Le CERU dans la presse

École : le modèle finlandais, ce qui est transposable... Et ce qui ne l’est pas

École : le modèle finlandais, ce qui est transposable... Et ce qui ne l'est pas

Atlantico : Vincent Peillon, le ministre de l’Education Nationale est revenu sur la nécessité de modifier les rythmes scolaires et d’embaucher de nouveaux professeurs. Ce débat, ranime la comparaison entre le modèle français et finlandais. Quelles sont les mesures inspirées de leur système que l’on pourrait adapter à l’Education nationale française ?

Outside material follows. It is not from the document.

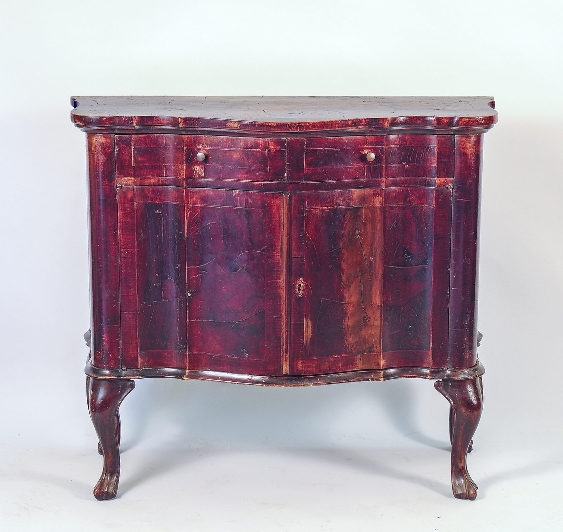 MOBILE BAR IN NOCE piano sagomato, due cassetti sottostanti, fronte a due sportelli, gambe mosse h cm 87x99x43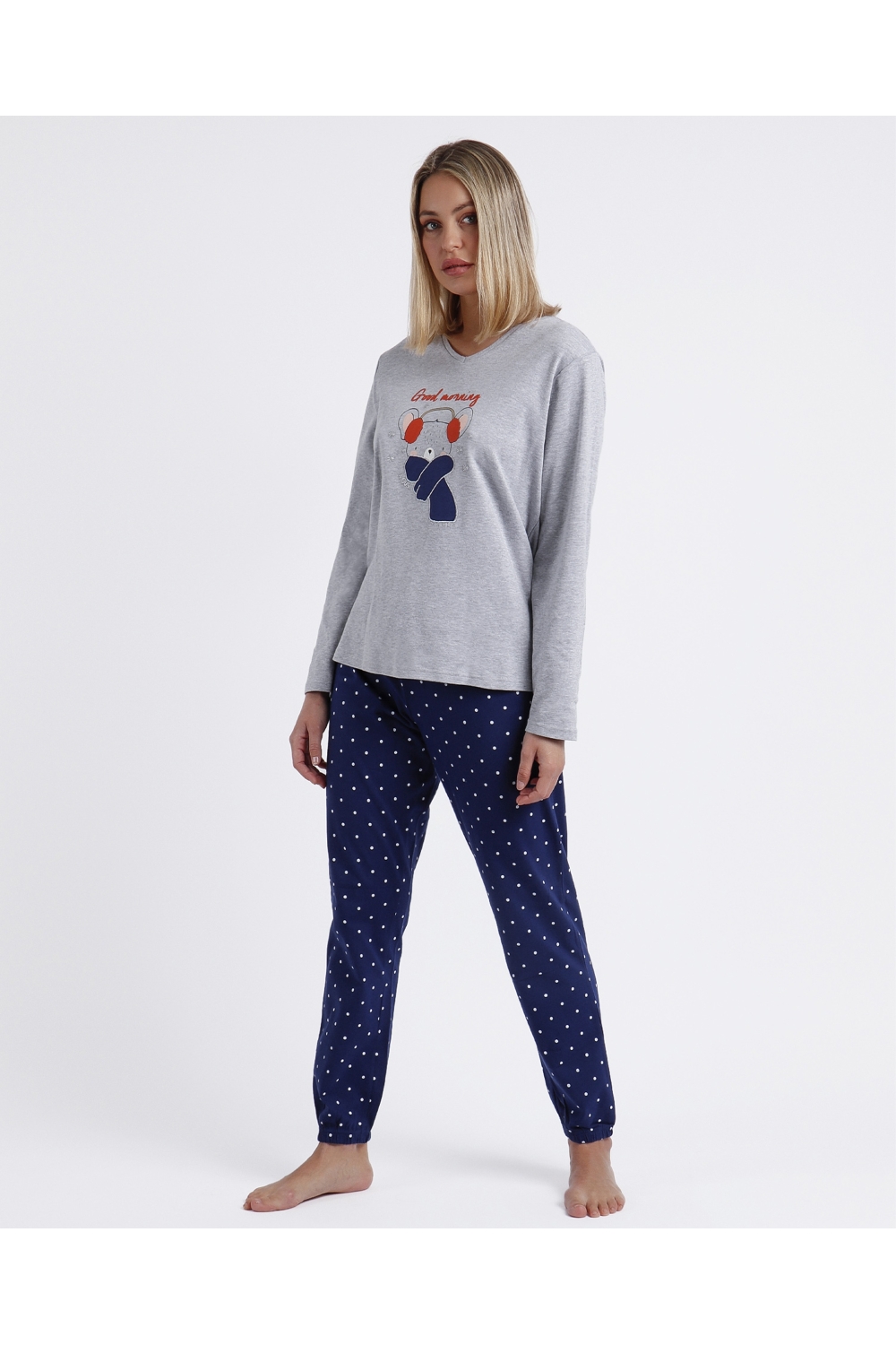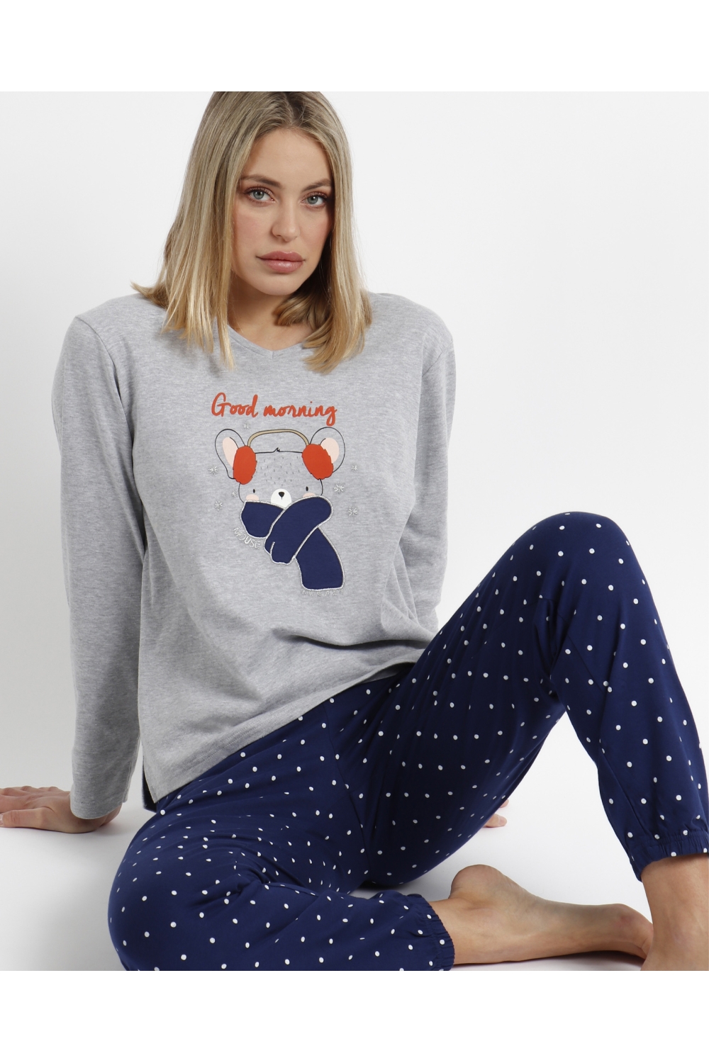 ADMAS Pijama Manga Larga Good Morning Mouse para Niña GRIS JASPE

Olivier Vial : Le modèle finlandais est souvent pris en exemple même si on ne peut pas totalement apposer la France à la Finlande. Il ne faut pas oublier que la Finlande bénéficie d’un atout majeur qui est sa forte cohésion culturelle : il y a très peu d’enfants issus de l’immigration dans l’école finlandaise et cela facilite beaucoup le travail des enseignants. C’est un des défis de l’éducation française qui n’arrive pas à une intégration et une réelle égalité des chances des élèves issus de l’immigration.

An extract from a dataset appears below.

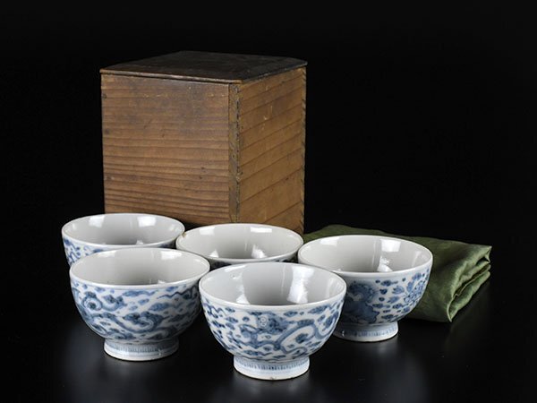 | 茶道具 鳳樹軒文平造 染付 雲龍鳳凰図茶碗4客 獅子図茶碗1点 計5点 まとめて / 煎茶道具 青華 | ||||||||||||||||||||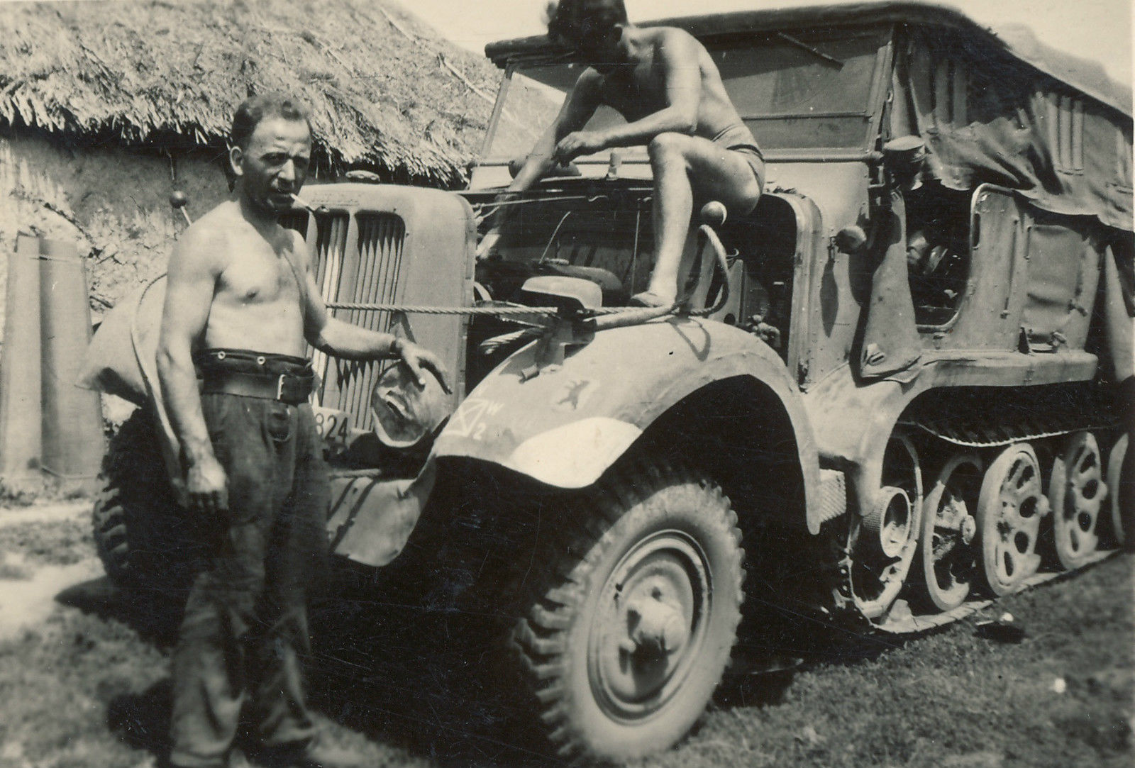 Foto 2.Wk Soldat Halbketten Fahrzeug Sonder-Kfz Panzer Tank Kennung Bär

D’autre part, la Finlande peut compter sur la très forte prégnance de la culture luthérienne notamment sur les questions de discipline. Certaines choses fonctionnent donc bien mieux en Finlande et on pourrait s’en inspirer. Et l’une de ces premières choses est aussi l’un des paradoxes français : au regard de l’encadrement, il y a plus de professeurs par élèves en France qu’en Finlande, et pourtant, la taille des classes est plus importante en France qu’en Finlande. Cette situation s’explique par le fait que le système français à plus de mal à affecter les moyens. En Finlande, le système plus décentralisé permet une redistribution et une absorption plus efficace des moyens.